Waktu Pembahasan Terbatas, DPRD Jember Hanya Tetapkan Lima Raperda

Lantaran waktu pembahasan yang sangat terbatas, DPRD Jember hanya berhasil menetapkan lima Rancangan Peraturan Daerah (Raperda), dari 11 raperda yang diusulkan Pemkab Jember. Hal ini terungkap pada saat sidang paripurna pengesahan raperda, senin siang.

Juru bicara Pansus Raperda DPRD Jember, Lukman Winarno mengatakan, pansus hanya membahas raperda yang dinilai sangat mendesak keberadaanya di Jember. Apalagi waktu yang diberikan sangat terbatas, sehingga DPRD Jember memprioritaskan lima raperda.

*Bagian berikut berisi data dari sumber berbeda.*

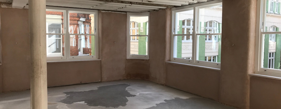 Asbestos testing and removal to allow the works to progress safely. Structural and foundation works within the basement followed by a full tanking system. Replacement of all sash windows, doors & shop fronts with new hardwood frames and various glazing, new fire rated partitioning and doors to main staircase and all finished with a skim coat of plaster.

Lukman menambahkan, justru jika dipaksakan membahas sebelas raperda dalam kurun waktu yang cukup singkat, sejumlah raperda yang telah diprioritaskan akan terbengkalai dan tidak ditetapkan. Sehingga akan mengganggu pelayanan kepada masyarakat, seperti raperda adminsitrasi kependudukan.

Adapun Lima Raperda DPRD Jember yang berhasil dibahas dan ditetapkan adalah, perda pajak daerah, retribusi jasa umum, retribusi jasa usaha, retribusi perizinan tertentu dan penyelenggaraan administrasi kependudukan.

Lebih lanjut Lukman menjelaskan, untuk enam raperda yang belum ditetapkan diantaranya, raperda pengelolaan barang milik pemkab, Perkebunan Daerah Perkebunan (PDP), perlindungan dan pemberdayaan pasar tradisional serta penataan toko modern dan pusat perbelanjaan, pengelolaan pertambangan umum, pengelolaan air tanah dan ketenagalistrikan jember.